→ Try it: Before writing anything, find the line that contains "괴정5구역 재개발의 각 타입별 조합원 분양가와 세대수 입니다.", then retype the entries below exactly from their first line through that one, without pictures.

→ Dataset records:
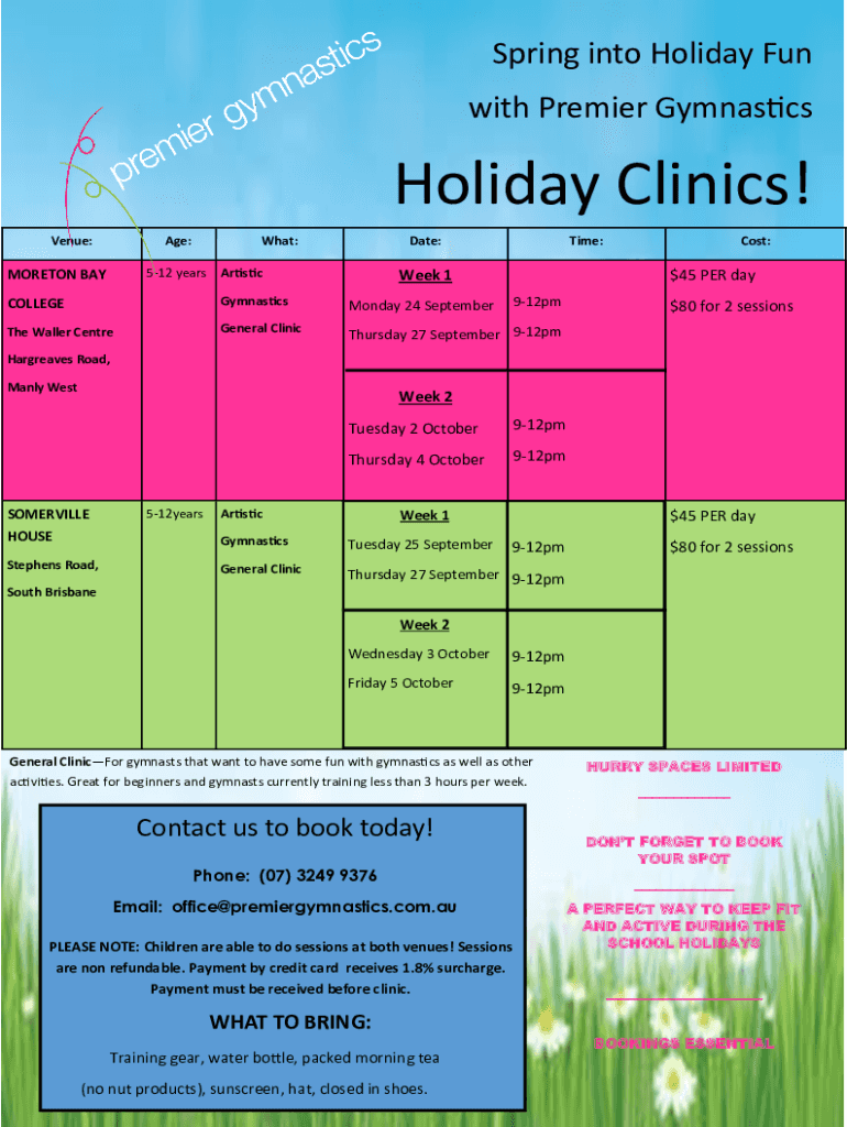 Venue:Age:What:512 yearsMORETON Mandate:ArtisticTime:Week 1Cost:$45 PER dayCOLLEGEGymnasticsMonday 24 September Waller CentreGeneral
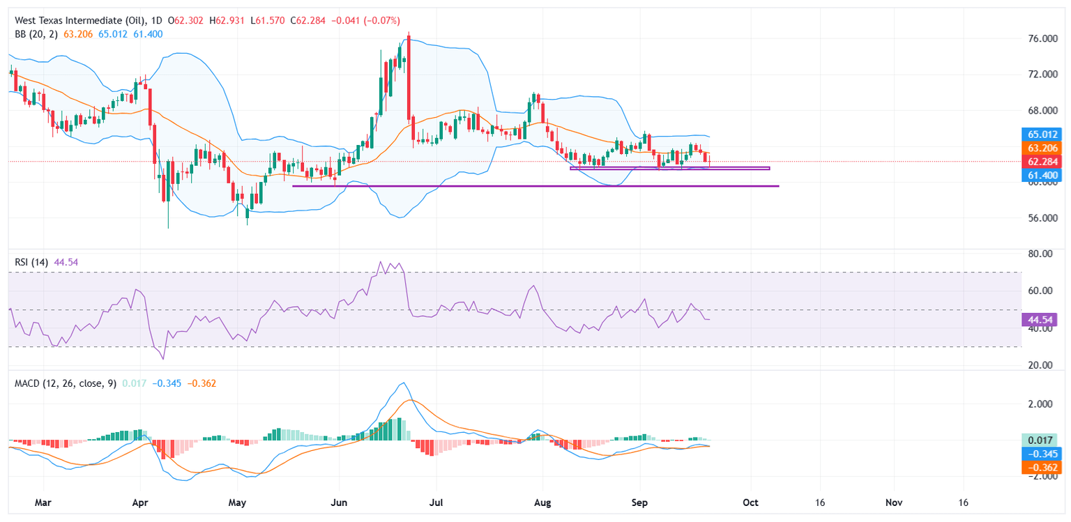 Overall, WTI remains confined to a range, with sideways trading likely to persist until a fresh catalyst emerges. A clear break below $61.50 would expose downside targets at $60.00 and $59.50. On the upside, a sustained recovery above $63.20 and the previous week’s high at $64.40 would pave the way for a test of the upper Bollinger Band near $65.00.
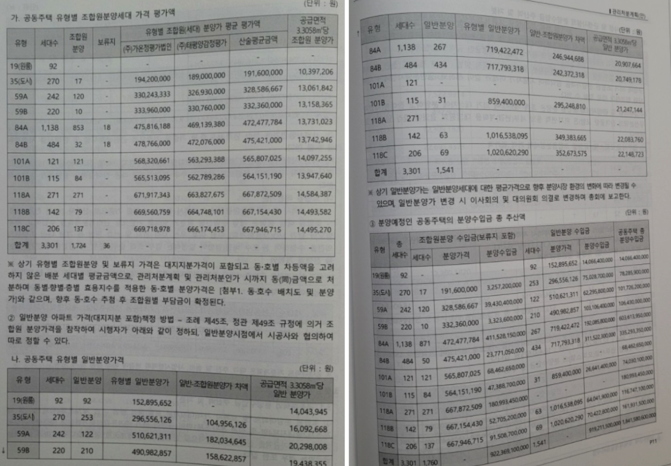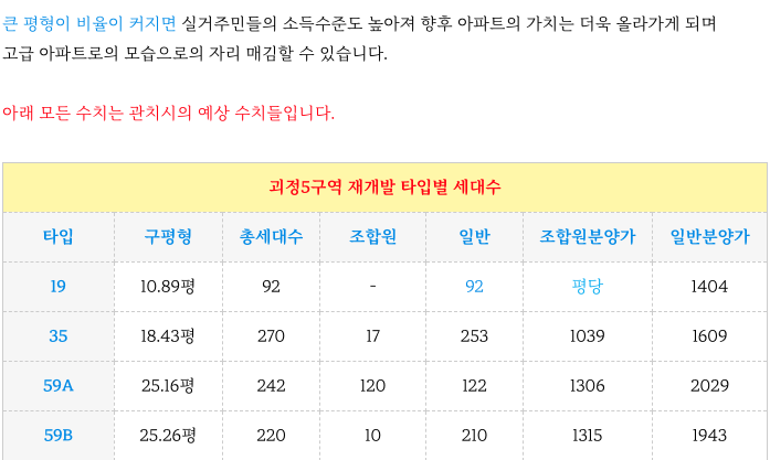 괴정5구역 재개발의 각 타입별 조합원 분양가와 세대수 입니다.
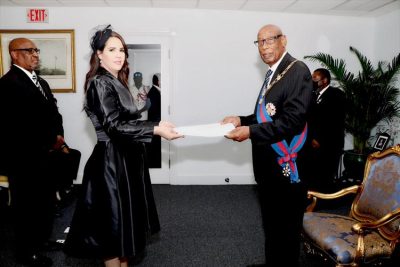 De su lado, el gobernador felicitó a la embajadora por la designación «es un placer para mí aceptar sus cartas credenciales que la designan como la primera embajadora extraordinaria y plenipotenciaria de la República Dominicana ante la mancomunidad de Las Bahamas».
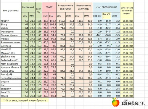 Diets.ru Таблица веса участников группы за 25.07.2017
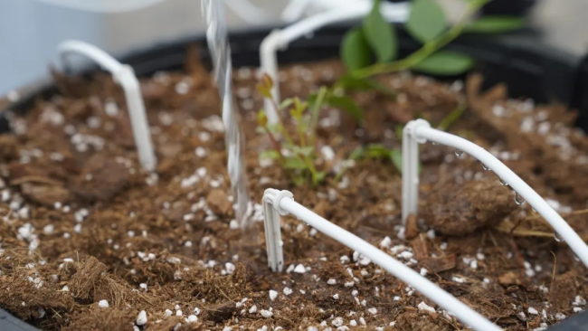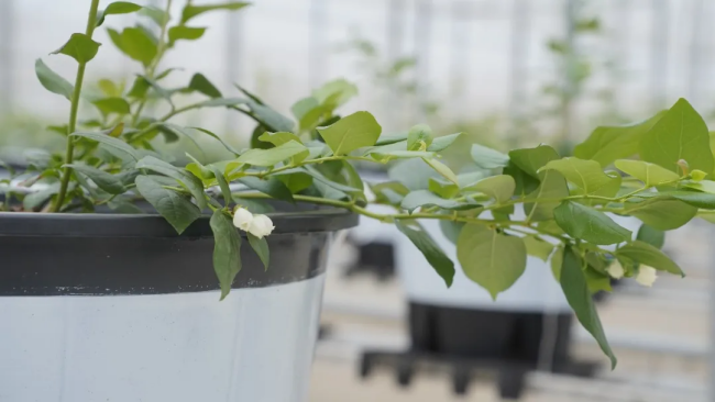 在现场,记者看到,这里的蓝莓苗并未种植在土壤中,而是“住”进了装满椰糠、泥炭的独立花盆,每盆都插着细细的白色管道。“我们的滴灌系统可以用手机远程操作,每天需要多少肥料,就打进多少肥料。”毕磊说,这套水肥一体化系统能根据蓝莓生长需求,实时精准供给水分和养分,既节约资源,又能保障苗木长势。

→ Exercise answer:
 Venue:Age:What:512 yearsMORETON Mandate:ArtisticTime:Week 1Cost:$45 PER dayCOLLEGEGymnasticsMonday 24 September Waller CentreGeneral
 Overall, WTI remains confined to a range, with sideways trading likely to persist until a fresh catalyst emerges. A clear break below $61.50 would expose downside targets at $60.00 and $59.50. On the upside, a sustained recovery above $63.20 and the previous week’s high at $64.40 would pave the way for a test of the upper Bollinger Band near $65.00.
 괴정5구역 재개발의 각 타입별 조합원 분양가와 세대수 입니다.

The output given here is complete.